The significant decrease in hpxa in A.S ayu suggests a decline in stress and inflammatory responses in their bodies. Interestingly, the prx gene, which encodes the periaxin protein essential for maintaining peripheral nerve myelin, has been linked to Charcot–Marie–Tooth disease (CMT) in humans when mutated [25,26]. CMT is characterized by progressive muscle weakness and atrophy in distal limbs, which may be relevant to the muscle atrophy observed in A.S ayu.

Gene Set Enrichment Analysis (GSEA) of filtered DEGs revealed significant downregulation in catabolic and metabolic processes within the GO: Biological Process category (Figure 3A). Additionally, we also observed decreased activity in muscle system-related pathways, which aligns with our observed physical changes in A.S ayu. Interestingly, RNA metabolism and processing pathways were upregulated in A.S ayu, though the significance of this observation remains unclear (Figure S2). However, KEGG pathway analysis (Figure 3B) showed increased activity in proteasome-related pathways, which is consistent with muscle atrophy characteristics involving enhanced protein hydrolysis through the ubiquitin–proteasome pathway (UPP) and increased binding between ubiquitin and muscle proteins [27]. This elevated proteasome activity might be associated with the observed upregulation of RNA synthesis-related pathways. Notably, the glycolysis and carbon metabolism pathways—critical energy sources for skeletal muscle cells—were significantly downregulated in the KEGG results, indicating a substantial decrease in energy metabolism within ayu muscle tissue.

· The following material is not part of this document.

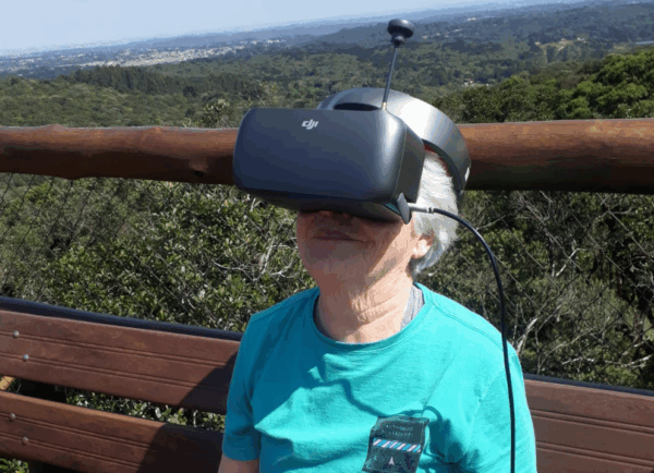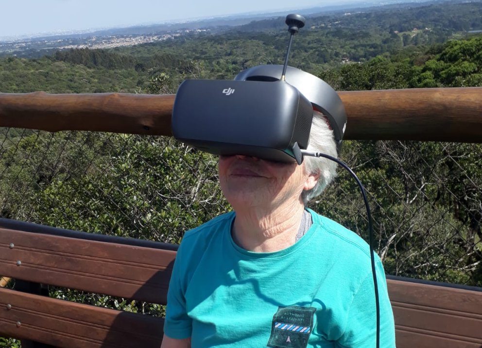 Óculos-visor permanece conectado ao controle remoto do drone, permitindo visualização em tempo real das imagens captadas em voo. Fotografia: Acervo do OO

Furthermore, we investigated the changes in myosin-related proteins in DEGs (Figure 3C). Most myosin-related proteins showed substantial downregulation, especially genes associated with the myosin II complex within muscle fibers, such as myhz1.1 and myhz1.2, which showed the largest decreases. Other proteins representing muscle contraction, like myh6 and myhc4, also showed varying degrees of downregulation. Only myh9a, associated with cytoskeletal motor activity, and myh9b, related to microfilament motor activity, showed minor upregulation. These results suggest that post-spawning ayu experience a pronounced downregulation of energy metabolism pathways, an increase in proteasome-mediated protein degradation, and a decline in muscle-related skeletal proteins, which collectively may explain the body shrinkage and weight loss observed after spawning.

2.3. AP1 TF Family Undergo Downregulation After Spawning

The AP-1 TF family contributes to muscle cell differentiation and has been reported to show decreased expression and function in the aging process of mammals. Our previous research suggests that the expression of the AP-1 TF family is maintained in the muscles of zebrafish [19], which may contribute to the anti-aging properties of fish muscles.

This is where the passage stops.